Entries taken from a collection
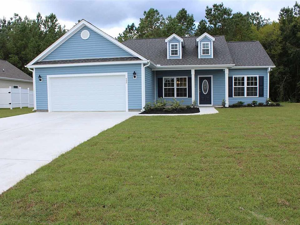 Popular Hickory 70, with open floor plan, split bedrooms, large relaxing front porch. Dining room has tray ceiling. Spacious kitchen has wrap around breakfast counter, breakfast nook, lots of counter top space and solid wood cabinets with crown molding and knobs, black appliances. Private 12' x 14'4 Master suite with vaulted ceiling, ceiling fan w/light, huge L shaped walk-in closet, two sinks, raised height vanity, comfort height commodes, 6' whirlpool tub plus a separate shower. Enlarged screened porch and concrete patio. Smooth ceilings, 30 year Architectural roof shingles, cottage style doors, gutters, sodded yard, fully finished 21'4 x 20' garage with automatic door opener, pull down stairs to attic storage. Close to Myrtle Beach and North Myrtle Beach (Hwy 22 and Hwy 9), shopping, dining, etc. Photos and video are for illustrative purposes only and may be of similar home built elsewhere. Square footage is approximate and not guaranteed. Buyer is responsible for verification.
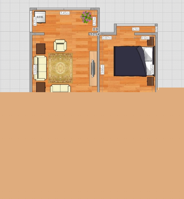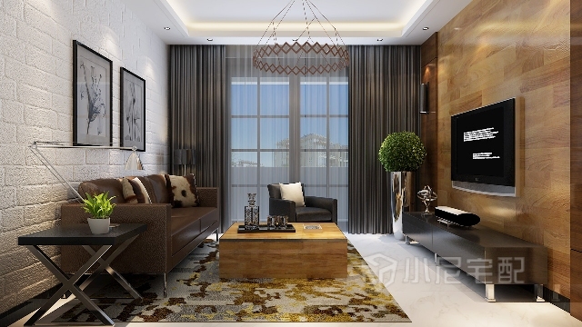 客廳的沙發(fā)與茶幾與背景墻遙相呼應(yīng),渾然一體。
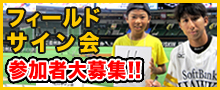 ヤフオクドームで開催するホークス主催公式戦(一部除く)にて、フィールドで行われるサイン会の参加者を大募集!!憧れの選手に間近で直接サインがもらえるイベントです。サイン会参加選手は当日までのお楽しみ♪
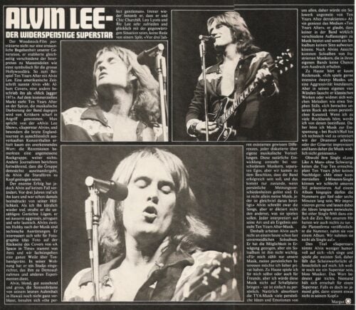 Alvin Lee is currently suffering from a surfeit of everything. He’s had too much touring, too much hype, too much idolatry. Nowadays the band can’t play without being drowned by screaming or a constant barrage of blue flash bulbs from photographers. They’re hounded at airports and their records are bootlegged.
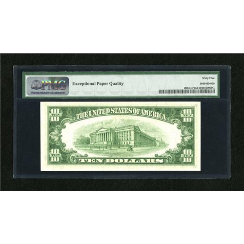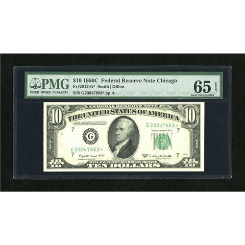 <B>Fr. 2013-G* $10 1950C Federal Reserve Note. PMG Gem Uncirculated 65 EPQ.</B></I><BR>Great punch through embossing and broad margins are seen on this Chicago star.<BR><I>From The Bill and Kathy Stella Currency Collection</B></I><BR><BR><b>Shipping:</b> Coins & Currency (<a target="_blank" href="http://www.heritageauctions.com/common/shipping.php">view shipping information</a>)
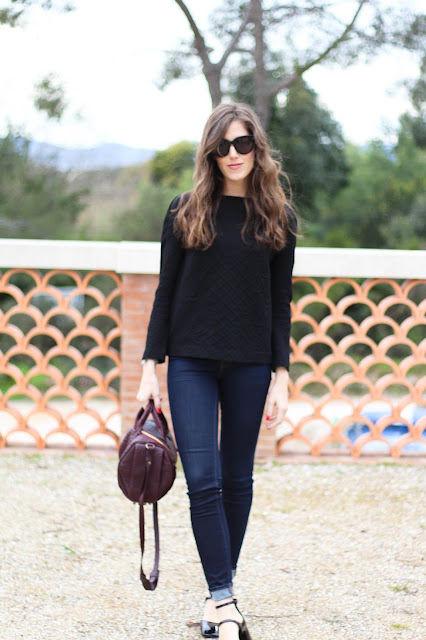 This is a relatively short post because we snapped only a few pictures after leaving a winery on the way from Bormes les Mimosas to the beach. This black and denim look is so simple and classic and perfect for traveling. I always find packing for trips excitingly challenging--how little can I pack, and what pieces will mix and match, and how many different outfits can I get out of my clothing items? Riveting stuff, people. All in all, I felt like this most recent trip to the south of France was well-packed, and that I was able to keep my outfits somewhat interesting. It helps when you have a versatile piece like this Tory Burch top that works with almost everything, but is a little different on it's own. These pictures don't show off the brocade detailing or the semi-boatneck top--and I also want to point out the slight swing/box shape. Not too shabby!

- **PROMPT**: Give back all of the entries verbatim, but without pictures.

- **EXERCISE ANSWER**:
 Popular Hickory 70, with open floor plan, split bedrooms, large relaxing front porch. Dining room has tray ceiling. Spacious kitchen has wrap around breakfast counter, breakfast nook, lots of counter top space and solid wood cabinets with crown molding and knobs, black appliances. Private 12' x 14'4 Master suite with vaulted ceiling, ceiling fan w/light, huge L shaped walk-in closet, two sinks, raised height vanity, comfort height commodes, 6' whirlpool tub plus a separate shower. Enlarged screened porch and concrete patio. Smooth ceilings, 30 year Architectural roof shingles, cottage style doors, gutters, sodded yard, fully finished 21'4 x 20' garage with automatic door opener, pull down stairs to attic storage. Close to Myrtle Beach and North Myrtle Beach (Hwy 22 and Hwy 9), shopping, dining, etc. Photos and video are for illustrative purposes only and may be of similar home built elsewhere. Square footage is approximate and not guaranteed. Buyer is responsible for verification.
 客廳的沙發(fā)與茶幾與背景墻遙相呼應(yīng),渾然一體。
 ヤフオクドームで開催するホークス主催公式戦(一部除く)にて、フィールドで行われるサイン会の参加者を大募集!!憧れの選手に間近で直接サインがもらえるイベントです。サイン会参加選手は当日までのお楽しみ♪
 Alvin Lee is currently suffering from a surfeit of everything. He’s had too much touring, too much hype, too much idolatry. Nowadays the band can’t play without being drowned by screaming or a constant barrage of blue flash bulbs from photographers. They’re hounded at airports and their records are bootlegged.
 <B>Fr. 2013-G* $10 1950C Federal Reserve Note. PMG Gem Uncirculated 65 EPQ.</B></I><BR>Great punch through embossing and broad margins are seen on this Chicago star.<BR><I>From The Bill and Kathy Stella Currency Collection</B></I><BR><BR><b>Shipping:</b> Coins & Currency (<a target="_blank" href="http://www.heritageauctions.com/common/shipping.php">view shipping information</a>)
 This is a relatively short post because we snapped only a few pictures after leaving a winery on the way from Bormes les Mimosas to the beach. This black and denim look is so simple and classic and perfect for traveling. I always find packing for trips excitingly challenging--how little can I pack, and what pieces will mix and match, and how many different outfits can I get out of my clothing items? Riveting stuff, people. All in all, I felt like this most recent trip to the south of France was well-packed, and that I was able to keep my outfits somewhat interesting. It helps when you have a versatile piece like this Tory Burch top that works with almost everything, but is a little different on it's own. These pictures don't show off the brocade detailing or the semi-boatneck top--and I also want to point out the slight swing/box shape. Not too shabby!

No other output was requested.